‘Mrs Meiners has gone to get chalk’ is a shocking story… it took my breath away.
It’s in Stephen Orr’s new collection:
A plane in the distance, artillery, his father waiting, and the boy wonders what to do. As with every story in this collection, the child born into a world he can’t comprehend, but stands waiting for answers, overcome with possibilities. The Boy in Time charts this child’s progress from the Outer Hebrides to a Mongolian desert, from war to kidnapping, a Midwestern American nightmare, falling from the wheel-well of a Dreamliner. Stephen Orr’s impressionistic take on the short story captures a child’s bewilderment of what it’s like to be alive.

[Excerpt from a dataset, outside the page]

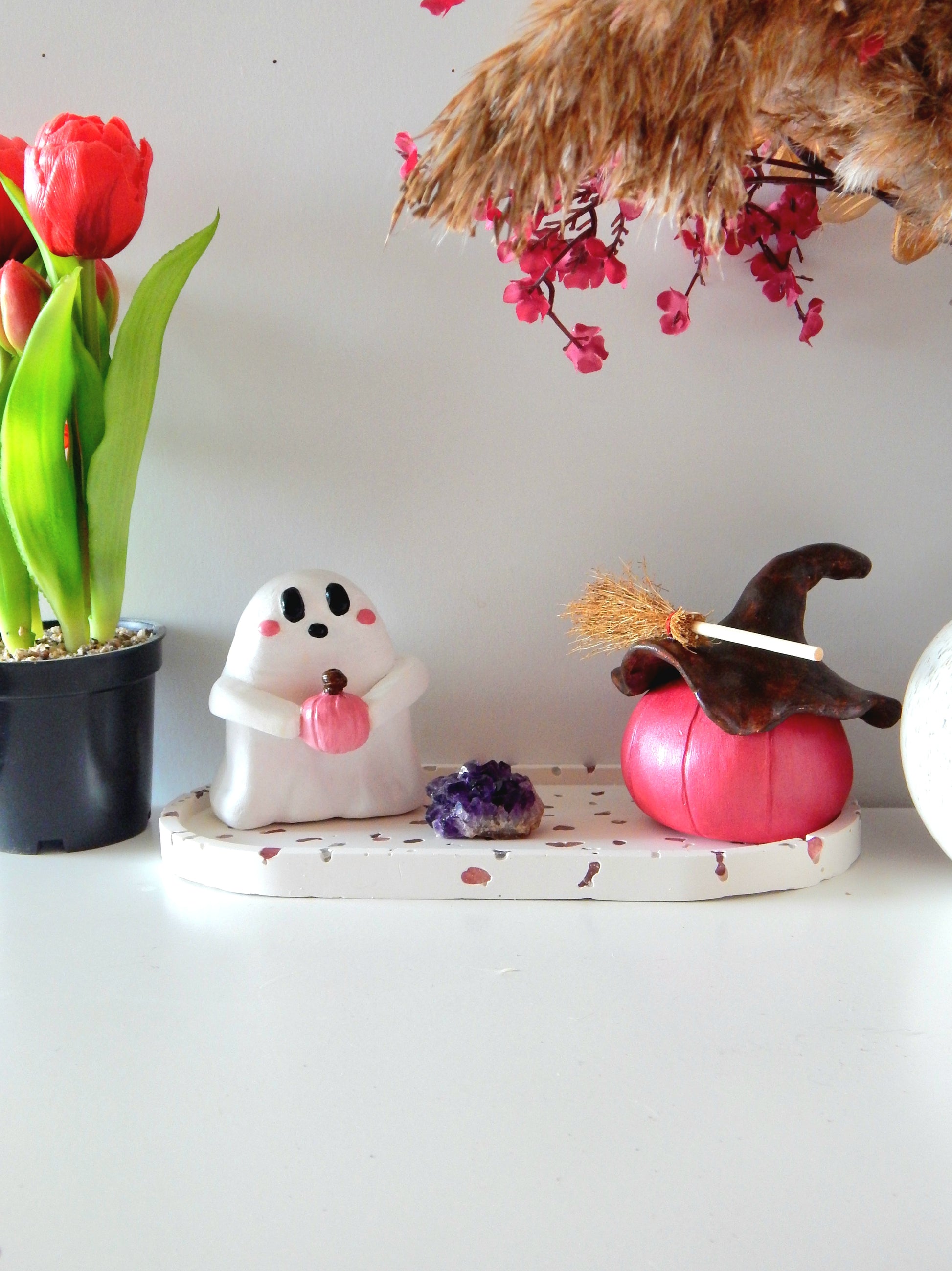 Les 3 adorables fantômes : le clown Henri, le magicien Macgonagail & le citrouillard.
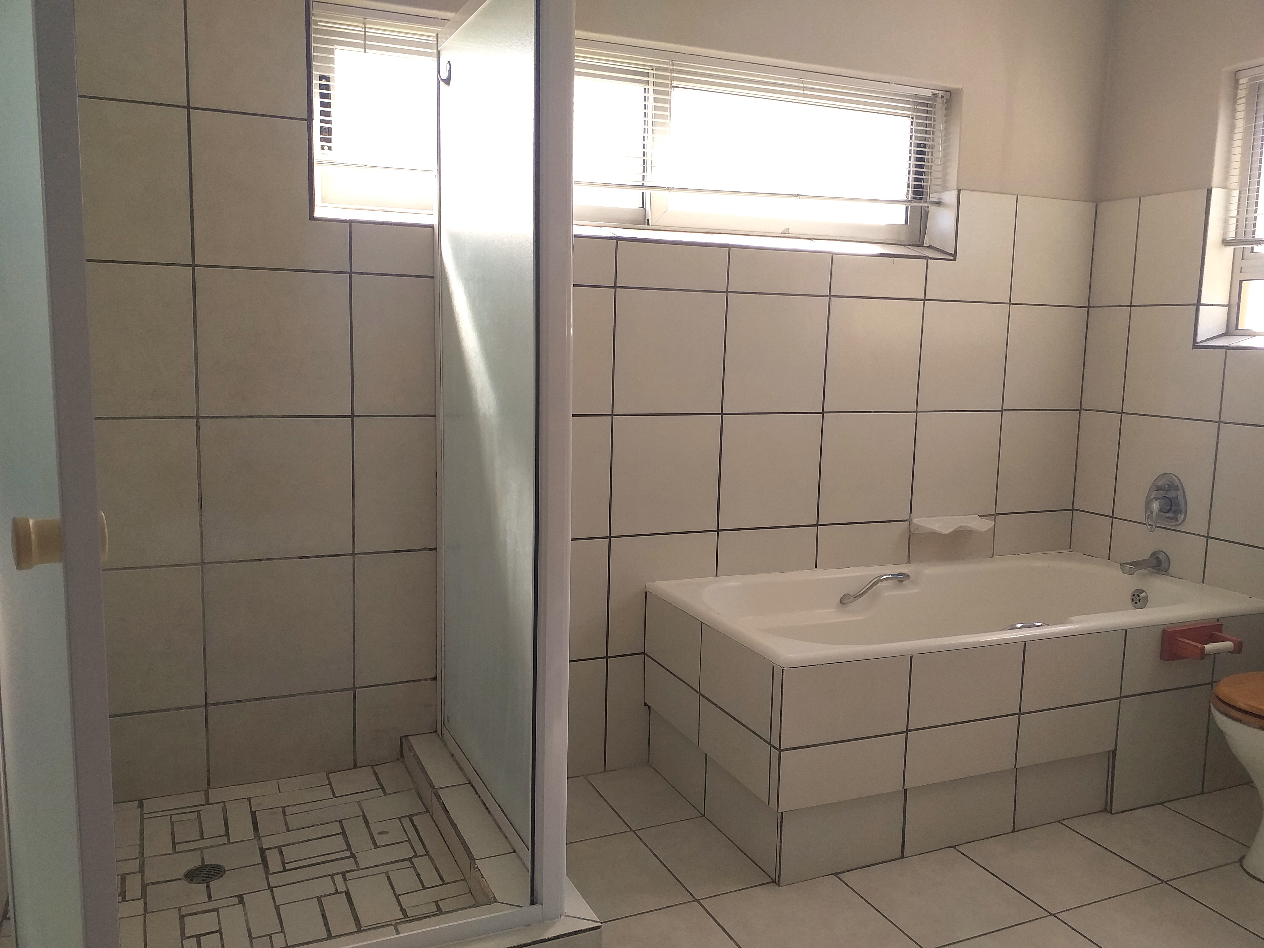 This spacious apartment has one bedroom and two bathrooms, both of which come with a shower. The living and dining areas are open-plan, and the kitchen features a granite top, stove, and built-in cupboard. There is a parking space available for one car. Tenants can also enjoy the use of the communal braai area and swimming pool

I don’t read short story collections in order. I start with the ones with titles that pique my interest. I’d read a few of the ones in the collection when I chose ‘Mrs Meiners has gone to get chalk’ because I knew Orr was a teacher and I was curious about how he was going to make something interesting out of it.
I mean, teaching is so ordinary, really. It’s happening all over Australia right now, kids doing the ordinary things that Orr captures in his story. Making dioramas. Unwieldy pencils writing compositions. Colouring in. Chattering to each other in the teacher’s brief absence, even venturing a ‘swear word’ with bravado.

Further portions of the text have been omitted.